§ What to do: The listing below holds a line with "kompaktan i lagan, idealan" and a line with "на поверхні килимка.". Reproduce those two lines exactly, plus everything between them.

§ Records for the task:
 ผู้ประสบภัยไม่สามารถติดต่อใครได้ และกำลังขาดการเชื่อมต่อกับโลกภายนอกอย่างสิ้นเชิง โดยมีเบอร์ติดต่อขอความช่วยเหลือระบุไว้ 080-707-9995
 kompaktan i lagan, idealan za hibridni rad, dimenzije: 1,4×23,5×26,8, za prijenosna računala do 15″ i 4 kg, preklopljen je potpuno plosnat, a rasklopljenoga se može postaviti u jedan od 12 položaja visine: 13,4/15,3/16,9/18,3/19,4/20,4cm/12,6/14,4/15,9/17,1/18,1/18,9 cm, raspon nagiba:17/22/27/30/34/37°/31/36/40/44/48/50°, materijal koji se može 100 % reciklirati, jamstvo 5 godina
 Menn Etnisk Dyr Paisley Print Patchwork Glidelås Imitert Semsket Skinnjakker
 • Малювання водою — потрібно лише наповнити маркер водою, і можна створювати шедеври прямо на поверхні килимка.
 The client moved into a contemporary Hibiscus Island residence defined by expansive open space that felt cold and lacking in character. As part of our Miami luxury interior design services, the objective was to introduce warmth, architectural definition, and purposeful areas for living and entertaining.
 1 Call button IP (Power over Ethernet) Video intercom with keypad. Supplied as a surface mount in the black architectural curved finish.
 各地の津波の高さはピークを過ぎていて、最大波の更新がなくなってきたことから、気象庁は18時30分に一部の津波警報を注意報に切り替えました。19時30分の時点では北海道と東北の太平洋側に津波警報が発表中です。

==

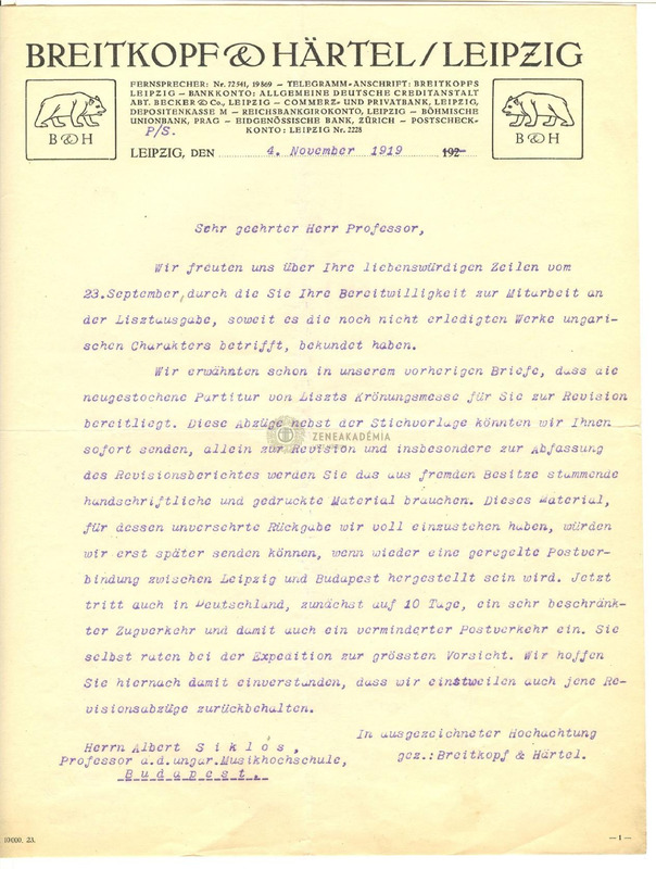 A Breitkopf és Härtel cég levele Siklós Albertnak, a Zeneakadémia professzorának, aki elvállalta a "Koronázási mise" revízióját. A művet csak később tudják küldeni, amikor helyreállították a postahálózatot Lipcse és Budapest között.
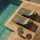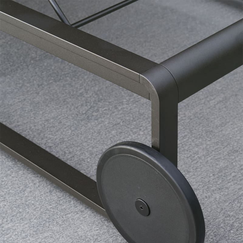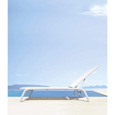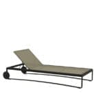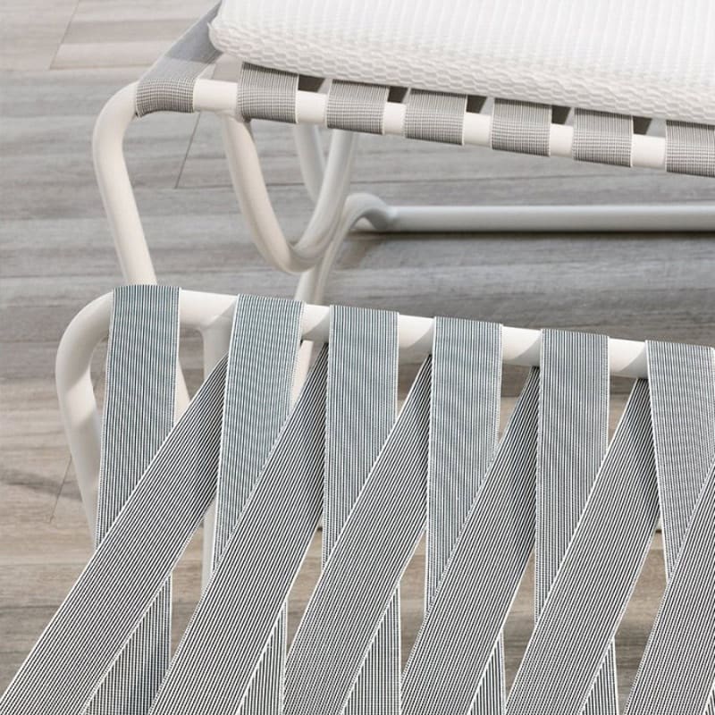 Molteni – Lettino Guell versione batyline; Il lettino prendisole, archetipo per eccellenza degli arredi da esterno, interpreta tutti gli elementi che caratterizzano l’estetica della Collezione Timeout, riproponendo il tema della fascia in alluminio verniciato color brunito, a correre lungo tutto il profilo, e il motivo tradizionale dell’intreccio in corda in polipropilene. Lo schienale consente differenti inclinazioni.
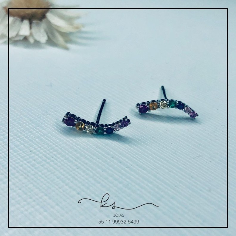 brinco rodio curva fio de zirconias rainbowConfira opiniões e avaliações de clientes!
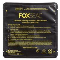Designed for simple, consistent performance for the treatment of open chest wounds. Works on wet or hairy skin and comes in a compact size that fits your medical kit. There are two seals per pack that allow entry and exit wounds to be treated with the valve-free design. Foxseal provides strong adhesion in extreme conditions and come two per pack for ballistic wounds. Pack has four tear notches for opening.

§ Exercise result:
 kompaktan i lagan, idealan za hibridni rad, dimenzije: 1,4×23,5×26,8, za prijenosna računala do 15″ i 4 kg, preklopljen je potpuno plosnat, a rasklopljenoga se može postaviti u jedan od 12 položaja visine: 13,4/15,3/16,9/18,3/19,4/20,4cm/12,6/14,4/15,9/17,1/18,1/18,9 cm, raspon nagiba:17/22/27/30/34/37°/31/36/40/44/48/50°, materijal koji se može 100 % reciklirati, jamstvo 5 godina
 Menn Etnisk Dyr Paisley Print Patchwork Glidelås Imitert Semsket Skinnjakker
 • Малювання водою — потрібно лише наповнити маркер водою, і можна створювати шедеври прямо на поверхні килимка.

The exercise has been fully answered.